Having 800 million people in China infected will increase the likelihood of dangerous new variants. Making matters worse, the Chinese New Year is Jan. 22, and hundreds of millions of Chinese will travel and gather to celebrate. (Three years ago the city of Wuhan went ahead with a massive New Year’s banquet amid the original outbreak.) The easing of China’s international travel restrictions will disperse any new variants to other countries.

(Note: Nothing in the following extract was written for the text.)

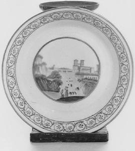 - NOTIZIE STORICO CRITICHE La marca "N" consente di riferire la tazza alla Reale Fabbrica di Porcellana di Napoli. La tazza presenta bordi a fili dorati e con un sottile fregio vegetale color rosso seppia. Tanto le dodici tazze cilindriche, quanto la zuccheriera presentano vedute del regno di Napoli, secondo un gusto ben noto all'interno della Manifattura, incorniciate da un sottile fregio vegetale color rosso seppia e da un bordino dorato. \nIl sito (oggi Isola del Liri, in provincia di Frosinone) con il castello che domina dall'alto la vista delle due cascate formate dai fiumi Fibrino e Liri e la piccola isola si presta ad una raffigurazione paesaggistica di gusto preromantico, fedelmente ripresa, come ha notato A. Pacia 2011, dalle tavole del Voyage pittoresque ou description de Royaumes de Naples et de Sicile di Saint-Non, 1781-1786.\nL'esecuzione delle vedute, basate su di una stesura a macchia che contrasta con la pennellata puntiforme di Giacomo Milani, celebre decoratore attivo in quell'arco di tempo, ha portato A. Pacia (2011), cui si deve la valorizzazione del servizio, a posticipare la datazione, fissata da A. Mottola Molfino (1977) intorno al 1780, al decennio successivo.\nMarco Albertario

Three years ago, the Chinese state’s vast power to impose controls on the population might have appeared to be an advantage in dealing with a pandemic. Instead, Mr. Xi imposed one disastrous policy after another from the top down, putting China at a disadvantage and the world at continued risk.
Dr. Emanuel is a physician and vice provost for global initiatives at the University of Pennsylvania.